WORK REQUEST:
All of the lines below need to be copied exactly, apart from the pictures.

——

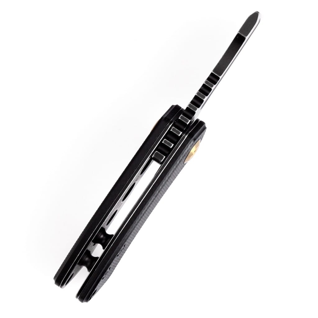 Justin Koch i firma Kansept Knives wspólnie stworzyli kieszonkowy model do codziennego użytku o nazwie Mini Korvid. Nożyk posiada niewielkie ostrze o profilu Cleaver wykonane z amerykańskiej stali nierdzewnej 154CM odpornej na korozję, wytrzymałej i długo utrzymującej właściwą ostrość krawędzi tnącej. Wykończono ją na czarno metodą Stonewash pozostawiającą nieregularną powłokę dobrze maskującą rysy powstające podczas eksploatacji. Kształt głowni przypominający tasak świetnie przedziera się przez paczki, listy oraz odzież. Klingę osadzono na ceramicznych łożyskach kulkowych, która przy wykorzystaniu zagłębienia na ostrzu lub flippera, pełniącego również funkcję jelca, wysuwa się płynnie i gładko. Prosta obsługa jedną ręką zadowoli zarówno osoby prawo jak i leworęczne. Bezpieczeństwo pracy zapewnia klasyczny mechanizm Liner Lock blokujący narzędzie po rozłożeniu, a karbowany grzbiet głowni daje stabilne podparcie dla kciuka. Rękojeść z lekkiego i wytrzymałego tworzywa G10 cechuje się antypoślizgową fakturą, co zwiększa przyczepność do dłoni. Na zakończeniu umieszczono otwór umożliwiający przełożenie paracordu lub breloka ozdobnego, który ułatwi chwytanie noża. W zestawie znajduje się ściereczka z mikrofibry oraz wysokiej jakości pokrowiec do bezpiecznego transportowania narzędzia, a całość zapakowano w czarne pudełko prezentowe. Mini Korvid to malutki, lecz bardzo użyteczny, ostry gadżet, w którym zakocha się niejeden kolekcjoner. Kansept Knives uosabia najnowocześniejsze technologie i praktyczne wzornictwo. Jej motto brzmi “Nie tylko produkujemy noże, czynimy je lepszymi”, co doskonale oddaje charakter tej marki. Firma wyróżnia się z tłumu innowacyjnymi koncepcjami angażując do współpracy najlepszych projektantów z branży. Każdy element jest skrupulatnie obrabiany ręcznie lub za pomocą zaawansowanych maszyn, co stanowi znakomite połączenie kunsztu i estetyki.
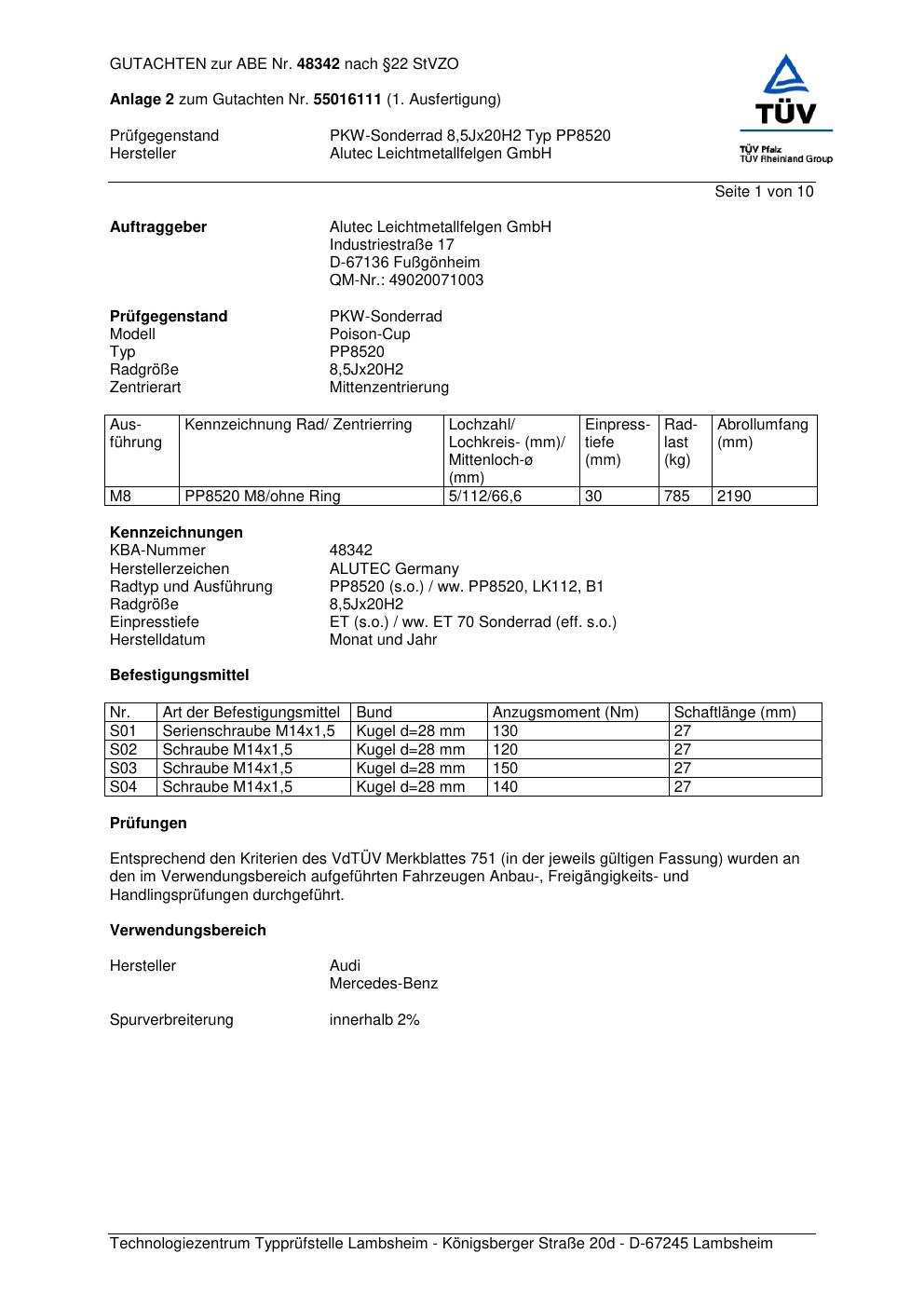 Dieses Gutachten (abe) bezieht sich auf die Alufelge ALUTEC PP8520 in der Ausführung 8.5Jx2 ET 0, Mittenloch 0 mm (KBA 48342). Im PDF findest du typischerweise zulässige Reifengrößen, Auflagen/Anbauhinweise und – je nach Dokument – Hinweise zur Eintragung.
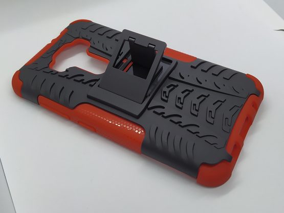 Proteja o seu smartphone com esta capa anti-choque, vem com um suporte incorporado para que possa assistir comodamente a vídeos.
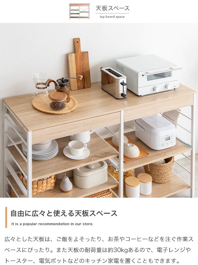 【耐荷重】天板:約30kg、各引き出し:約5kg、各棚:約10kg、スライドトレー:約5kg
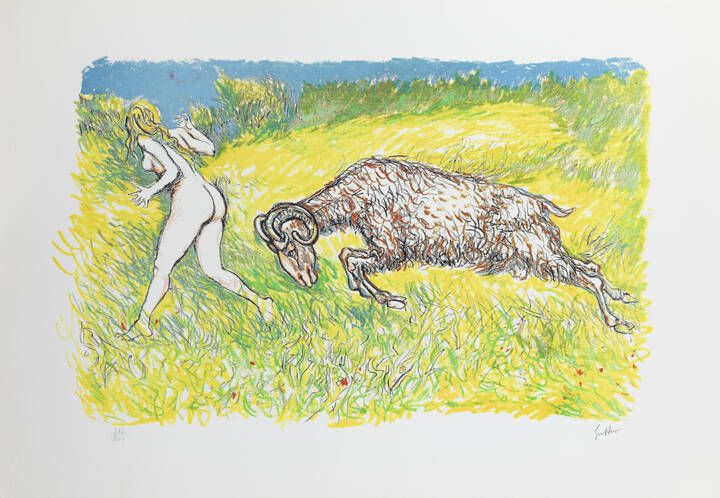 RENATO GUTTUSO Bagheria (PA) 1911 - 1987 Roma : Nuda che fugge da un caprone  - Asta Grafica - Associazione Nazionale - Case d'Asta italiane
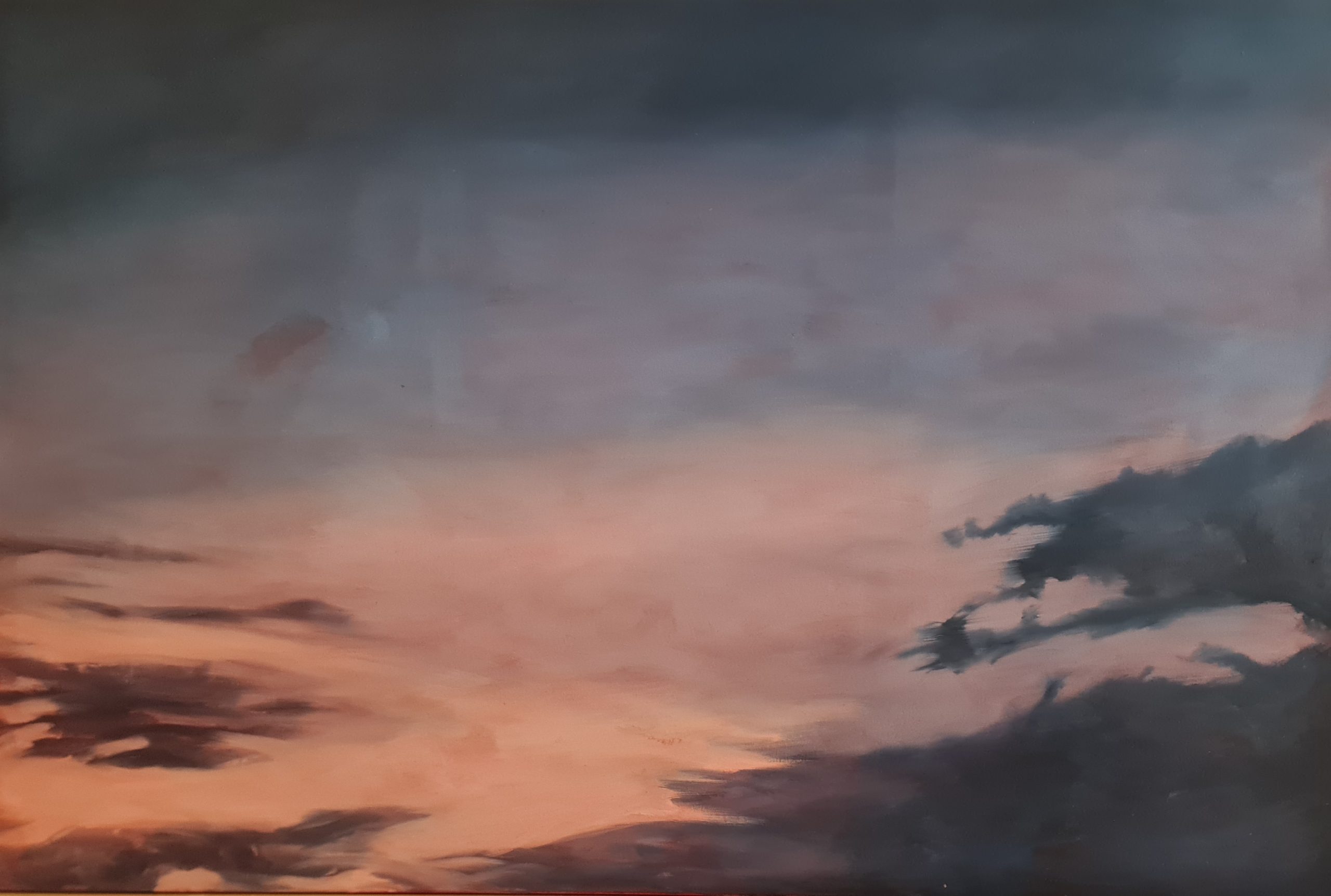 The Edge of Dusk captures the quiet drama of twilight — that transitional sliver of time when the sky trembles between light and darkness. Echoing the emotional vastness found in the works of Caspar David Friedrich, the scene is both meditative and monumental, evoking a sense of the sublime in nature. Soft forms and a blurred horizon pay homage to Gerhard Richter’s dreamlike landscapes, while the darker strokes and heavy clouds hint at the raw emotional layering reminiscent of Anselm Kiefer. There’s a cinematic tension in the composition — a still from a fading reel — where the sky becomes both subject and story. Through abstract realism and emotive color, the work invites viewers into a space of introspection and suspended time..

——

RESPONSE TO THIS TASK:
 Justin Koch i firma Kansept Knives wspólnie stworzyli kieszonkowy model do codziennego użytku o nazwie Mini Korvid. Nożyk posiada niewielkie ostrze o profilu Cleaver wykonane z amerykańskiej stali nierdzewnej 154CM odpornej na korozję, wytrzymałej i długo utrzymującej właściwą ostrość krawędzi tnącej. Wykończono ją na czarno metodą Stonewash pozostawiającą nieregularną powłokę dobrze maskującą rysy powstające podczas eksploatacji. Kształt głowni przypominający tasak świetnie przedziera się przez paczki, listy oraz odzież. Klingę osadzono na ceramicznych łożyskach kulkowych, która przy wykorzystaniu zagłębienia na ostrzu lub flippera, pełniącego również funkcję jelca, wysuwa się płynnie i gładko. Prosta obsługa jedną ręką zadowoli zarówno osoby prawo jak i leworęczne. Bezpieczeństwo pracy zapewnia klasyczny mechanizm Liner Lock blokujący narzędzie po rozłożeniu, a karbowany grzbiet głowni daje stabilne podparcie dla kciuka. Rękojeść z lekkiego i wytrzymałego tworzywa G10 cechuje się antypoślizgową fakturą, co zwiększa przyczepność do dłoni. Na zakończeniu umieszczono otwór umożliwiający przełożenie paracordu lub breloka ozdobnego, który ułatwi chwytanie noża. W zestawie znajduje się ściereczka z mikrofibry oraz wysokiej jakości pokrowiec do bezpiecznego transportowania narzędzia, a całość zapakowano w czarne pudełko prezentowe. Mini Korvid to malutki, lecz bardzo użyteczny, ostry gadżet, w którym zakocha się niejeden kolekcjoner. Kansept Knives uosabia najnowocześniejsze technologie i praktyczne wzornictwo. Jej motto brzmi “Nie tylko produkujemy noże, czynimy je lepszymi”, co doskonale oddaje charakter tej marki. Firma wyróżnia się z tłumu innowacyjnymi koncepcjami angażując do współpracy najlepszych projektantów z branży. Każdy element jest skrupulatnie obrabiany ręcznie lub za pomocą zaawansowanych maszyn, co stanowi znakomite połączenie kunsztu i estetyki.
 Dieses Gutachten (abe) bezieht sich auf die Alufelge ALUTEC PP8520 in der Ausführung 8.5Jx2 ET 0, Mittenloch 0 mm (KBA 48342). Im PDF findest du typischerweise zulässige Reifengrößen, Auflagen/Anbauhinweise und – je nach Dokument – Hinweise zur Eintragung.
 Proteja o seu smartphone com esta capa anti-choque, vem com um suporte incorporado para que possa assistir comodamente a vídeos.
 【耐荷重】天板:約30kg、各引き出し:約5kg、各棚:約10kg、スライドトレー:約5kg
 RENATO GUTTUSO Bagheria (PA) 1911 - 1987 Roma : Nuda che fugge da un caprone  - Asta Grafica - Associazione Nazionale - Case d'Asta italiane
 The Edge of Dusk captures the quiet drama of twilight — that transitional sliver of time when the sky trembles between light and darkness. Echoing the emotional vastness found in the works of Caspar David Friedrich, the scene is both meditative and monumental, evoking a sense of the sublime in nature. Soft forms and a blurred horizon pay homage to Gerhard Richter’s dreamlike landscapes, while the darker strokes and heavy clouds hint at the raw emotional layering reminiscent of Anselm Kiefer. There’s a cinematic tension in the composition — a still from a fading reel — where the sky becomes both subject and story. Through abstract realism and emotive color, the work invites viewers into a space of introspection and suspended time..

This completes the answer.